Games often have the narrative length and structure of television shows, but the release schedule of films. That's obviously an unhealthy marketplace that's been created. People aren't able to delve into these worlds and investigate them to the degree that they deserve, and if they are, then some other aspect of their lives are suffering as a result. If I'm going to be playing Skyrim later this year, it's going to mean putting my life on hold as well as every other game I own. And while I'm sure that Skyrim will reward that kind of commitment, I'm not sure that all games do.

That's perhaps the biggest fallacy with Bleszinski's argument, especially as it pertains to actual advice for other developers. He's basically calling out for every AAA release to be massive and all-encompassing, an experience that the gamer "marries" to. This maybe offers some semblance of value, but I've certainly had much more meaningful experiences with NES games that could be beaten in less than two hours than I have with most HD games that I've played thus far. Offering a concise experience that you can come back to again and again is looking much more desirable to me nowadays.

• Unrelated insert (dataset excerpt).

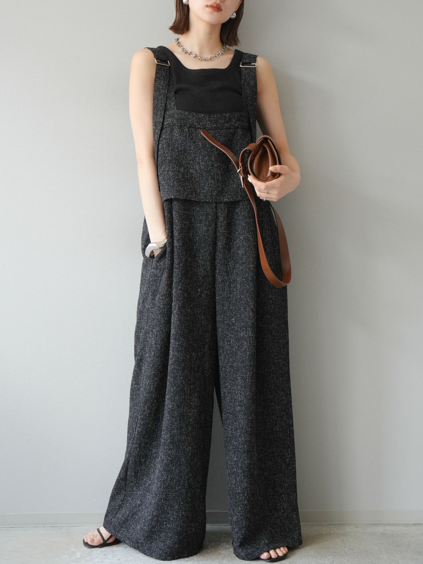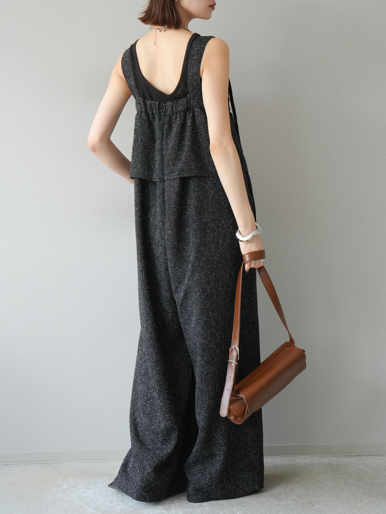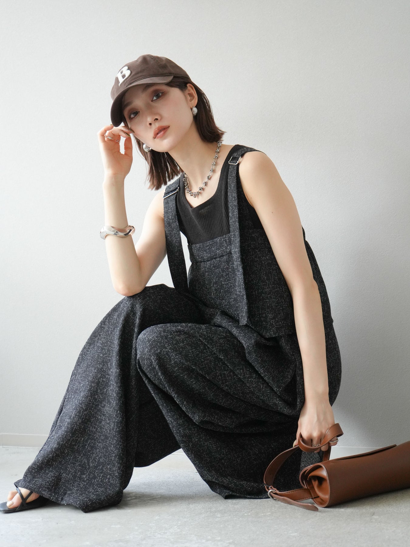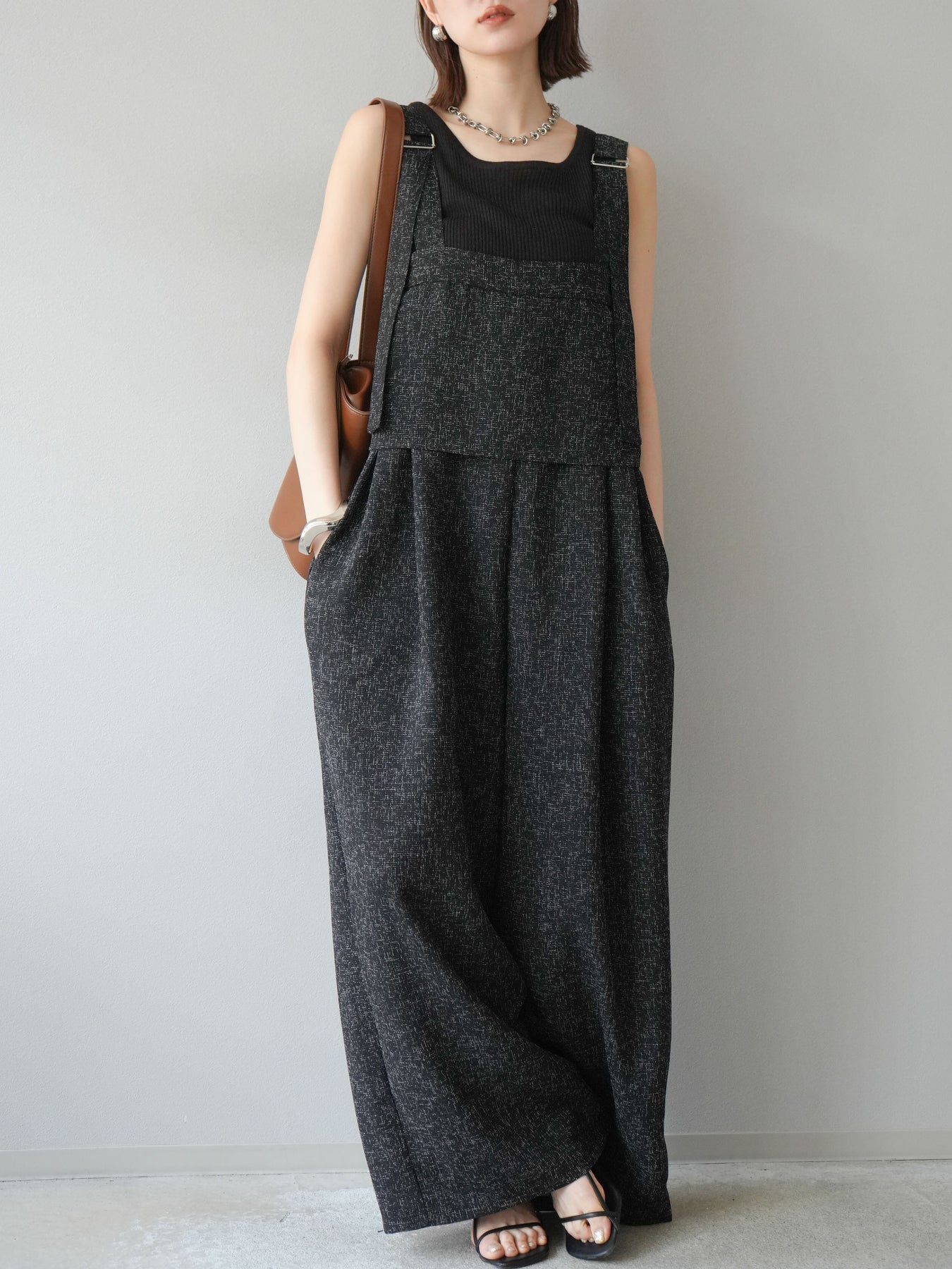 軽やかなサマーツイード素材を使用した、きれいめカジュアルな雰囲気漂うケープデザインサロペット。胸元にレイヤードされたケープ風ディテールが印象的で、シンプルながらも目を惹くアクセントに。 ストレートに落ちるワイドシルエットが体のラインを拾わず、リラクシーな着心地を叶えます。肩紐部分は太めのデザインで、インナーとのレイヤードもしやすい仕様。 Tシャツやリブタンクと合わせるだけで、季節感のあるスタイリングが完成する、大人のためのモードサロペットです。 ※ボトムス、キャミソール(インナー)以外の商品は一律でインナーは付属していません。
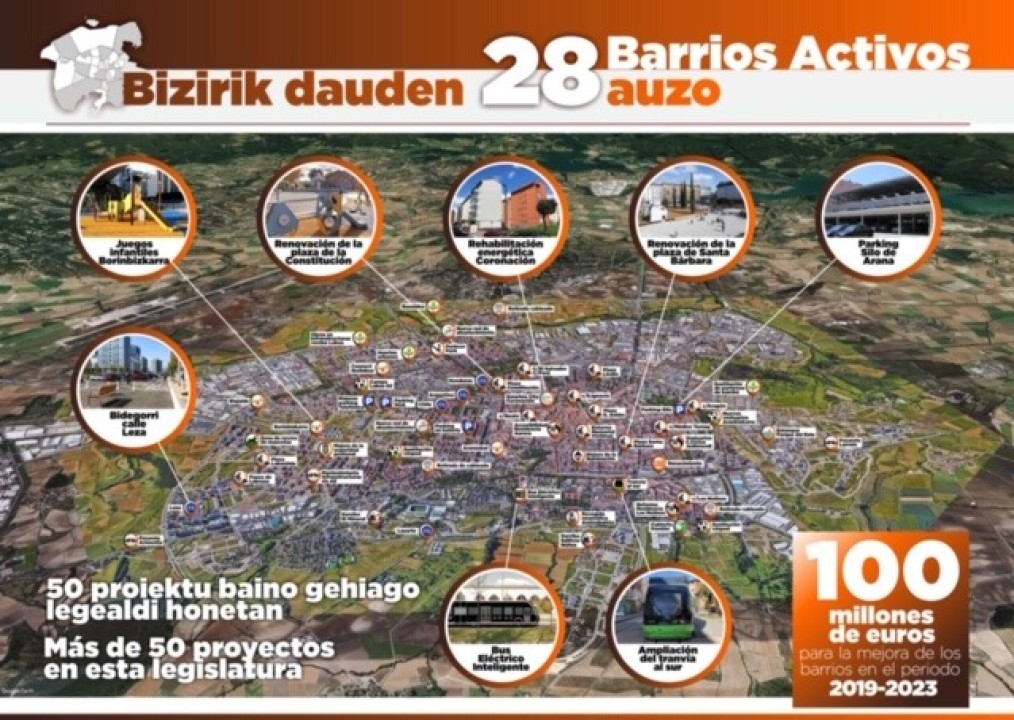 Era berean, ahalegina garrantzitsua izan da, Koroazio auzoko erabateko eta energia errehabilitazioa bezalako proiektuak aurrera ateratzeko, SmartEnCity europar proiektuaren eskutik, edo Aranako siloan parkinga eraikitzeko. Gainera, datorren legealdian gauzatu beharreko eta dagoeneko lizitatu diren inbertsioak ere badira, adibidez, Memorialaren inguruko lanak edo Espainiako Bankua edo Tornay Medikuaren kalea, besteak beste.

That's perhaps why I've spent far more time with Wii Sports Resort than I care to admit, or why I'm now on my second playthrough of Super Mario Galaxy 2. These are games that understand that not everything has to be a sweeping, grand world with limitless playtimes. Having experiences that actually have some consideration for the player's time should be what developers are looking to do, even if it means segmenting the gameplay or offering more freedom to save when the player needs to (that's ultimately what made games like Fallout: New Vegas approachable for me, even if it does allow you to "spam" the system).

Ultimately, though, there really are too many games. Gamers in the 80s and to a lesser extent the 90s were forced to buy maybe only a couple of games a year, mostly due to prohibitive cost, but also because the release of a new, important game was an actual event, not a continually marketed, never-ending "summer season" of video games. Developers too need time to refuel and to reconsider their intellectual properties, and the cycle of gaming development – as well as the aversion to risk and focus on the bottom line – has engendered a culture where if the games industry isn't growing, it's dying. That's the reality of the kind of ultracapitalism we deal with on an everyday basis, but it's sad to see it have such a dire effect on one of the things I love the most.

And from a retail perspective, this kind of release schedule is poisonous. People have no idea how to find the games that they should be playing, retail space is completely dominated by new releases and by marketing dollars, and even major games from only a few months earlier are nowhere to be found. That's not the case with Regina's independent game store, but walk into any EB Games, WalMart or Future Shop and see for yourself.

You might be saying that I'm contradicting myself here by saying that there are too many games and most people have no way to play them all, while simultaneously saying that most games that get released aren't really worth playing in the first place. That's true, to an extent. The problem is that the culture surrounding video games seems to decree that there are always games that people should be playing. I can't think of a single week of releases where I remember outlets universally agreeing that, yeah, maybe you should take a break this week. We're always having new games pushed on us as being worthwhile, and especially from my point of view, it's really important to break that concept, which naturally entails playing a lot of games.

I just want to bury my head in the sand and say that I'm taking a break from new releases, but I know that's not going to be possible. Ultimately, there are a lot of good games to look forward to as well, and my innate curiosity would make me regret missing out on something important. But I'm here to say to you, gamer, as well as you, fellow blogger, that it's OK to go a week without buying or playing a new game. Heck, if you buy like five games in a year that's fine too. Consumption is almost never its own reward.